Tak.. ale Deyna sam mówił że w Anglii nieczuje się najlepiej być może jak by grał w hiszpańskiej lidze to może lepiej by się spisał ale teraz można tylko gdybać...

Konto usunięte
Konto usunięte: Z ciekawości się spytam. Ile razy widziałeś na żywo, na stadionie grę Deyny ? :)

eh.. Gdy Deyna zginoł miałem 1,5 roku. jego gre podziwiam jednynie z internetu z zapisów archiwalnych,z wywiadów z tymi którzy go znali,z opowiadań itp... I to mi starczy by go ocenić jako piłkarza bo czytałem o nim mnóstwo...
Miwik88
Posty: 140 (po ~222 znaków)
Reputacja: -1 | BluzgometrTM: 2
Miwik88
  29 grudnia 2009

poza tym nie chce porównywać Deyny z Bońkiem,Lata czy innymi... Mistrzów się nie porównuje i każdy miał swój styl i charakter na to by zapisać się w pamięci piłki nożnej.
Deyna nie żyje już 20 lat i jakoś pamięć o nim nie zagineła jeszcze więc to o czymś świadczy... On był jeden a tytuł który ukazał się w "Legii" na jego temat "Wybraniec Bogów" pasuje do niego idealnie:) pzdr.

WueRZet
WueRZet
  29 grudnia 2009
Miwik88
Miwik88: a co go pchneło do tego czynu? tez się troszke zastanów. piłkarz doskonały,osobowość tragiczna.. A Lato czy lepszy jest?:< psuje polska piłke w tej chwili to jak zwolnił Benhakera to była drwina,żałosne...

Ale przecież to napisałem. Piłkarzem był wielkim, człowiekiem okazał się słabym. Takie życie. Tak samo Lato. Jako piłkarzowi należy mu się miejsce w panteonie największych naszych sportowców w historii. Jako prezes jest bardziej do dupy niż swego Listkiewicz, Dziurowicz i Górski razem wzięci.

Miwik88
Miwik88: poza tym nie chce porównywać Deyny z Bońkiem,Lata czy innymi... Mistrzów się nie porównuje i każdy miał swój styl i charakter na to by zapisać się w pamięci piłki nożnej.
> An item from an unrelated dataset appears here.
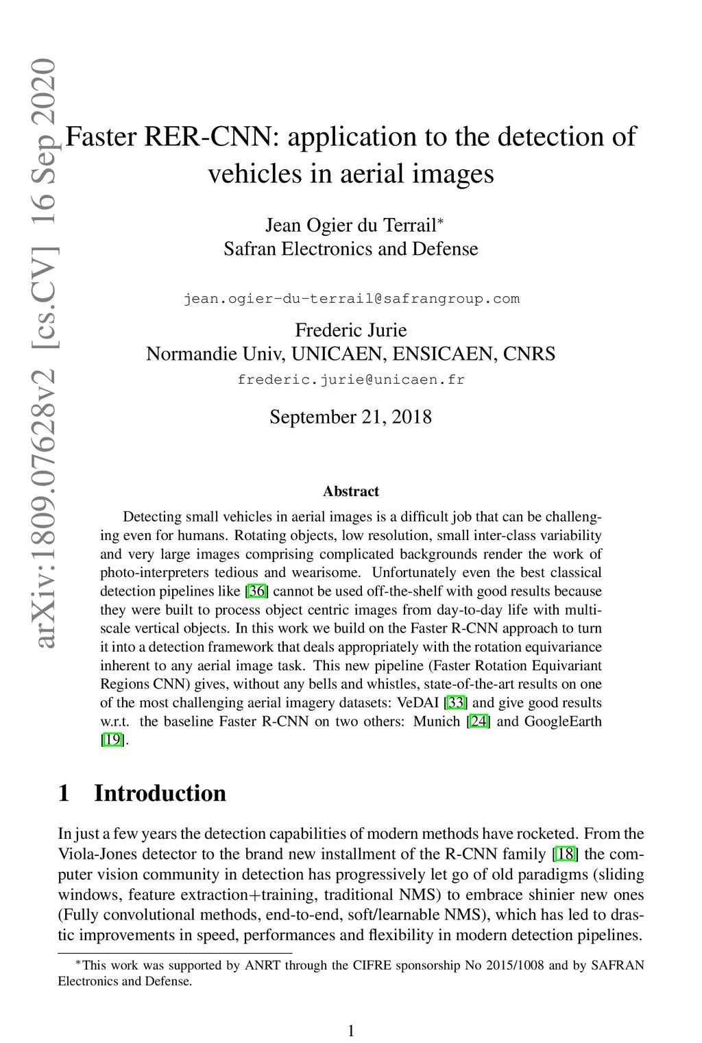 Faster RER-CNN: application to the detection of vehicles in aerial

Tylko, że ten temat z samego założenia polega na porównaniu zawodników i wybraniu tego który w subiektywnym odczuciu jest "naj" ;)

Miwik88
Miwik88: Deyna nie żyje już 20 lat i jakoś pamięć o nim nie zagineła

Tak samo jak o Szarmachu, Gorgoniu, czy Domarskim, którzy też byli członkami tamtej ekipy. Nie ma się co oszukiwać. Nazwiska medalistów z 1974 czy 1982 roku będą pamiętane dopóki żyją świadkowie tamtych wydarzeń.
DarekLosu
DarekLosu
  29 grudnia 2009

Oczywiście Deyna, a po nim Boniek. Jedyni Polacy którzy byli w pierwszej 3 w wyborach laureta Złotej Piłki.

Dyskusja na ten temat została zakończona lub też od 30 dni nikt nie brał udziału w dyskusji w tym wątku.